Do mesmo modo, não poderia deixar de mostrar a hipocrisia da elite dominante, a qual prega uma moralidade aos dominados, mas se coloca em posição de exceção. Assim, revela através de personagens, como o comandante, de que modo os homens burlam as regras que impõem a si para também restringir os direitos das mulheres.  Ainda discute o papel da mulher e a insistência em reduzir mulheres à sua condição biológica de reprodutoras, ressaltando que a visão puramente biológica da mulher é uma das justificativas utilizadas ainda hoje para o controle sobre o corpo feminino, retirando das verdadeiras donas do corpo a autonomia sobre ele.

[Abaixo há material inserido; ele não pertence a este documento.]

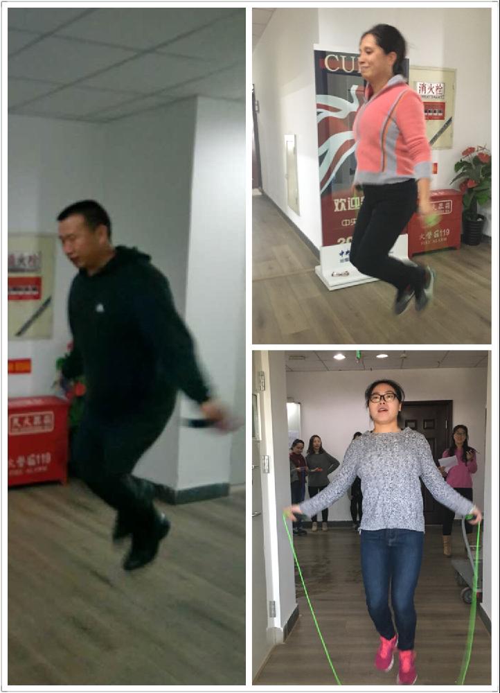 跳绳赛场上,教职工们奋勇争先,老师们就展开了激烈的角逐,涌现出了不少跳绳高手,参赛选手以各种花样跳法赢得了场上阵阵掌声。最终王汀汀老师以182个/分钟的优异成绩获得了男子冠军,罗卓笔老师和黄文武老师获得了跳绳男子亚军。位锦老师以136个/分钟的成绩勇夺跳绳女子冠军,杜惠芬老师和苏玉桃老师获得了跳绳女子亚军。

Não obstante, The Handmaid’s Tale traz diversidade –  de etnia e afetividade – em seus personagens – e ilustra outros elementos presentes na obra original, tais como a utilização da violência como ferramenta de controle , seja no processo “educativo” ou na contenção da insatisfação, a punição aos transgressores da moralidade padrão, os contornos de um mundo destruídos pelas mãos humanas – o que é realizado através das colônias, local para onde são enviados os exilados. Também, não deixa de destacar a importância do discurso religioso no processo de dominação desta sociedade fictícia, que utiliza a figura divina na justificativa da repressão. Para tanto, traz ainda mais cenas de rituais típicos deste universo.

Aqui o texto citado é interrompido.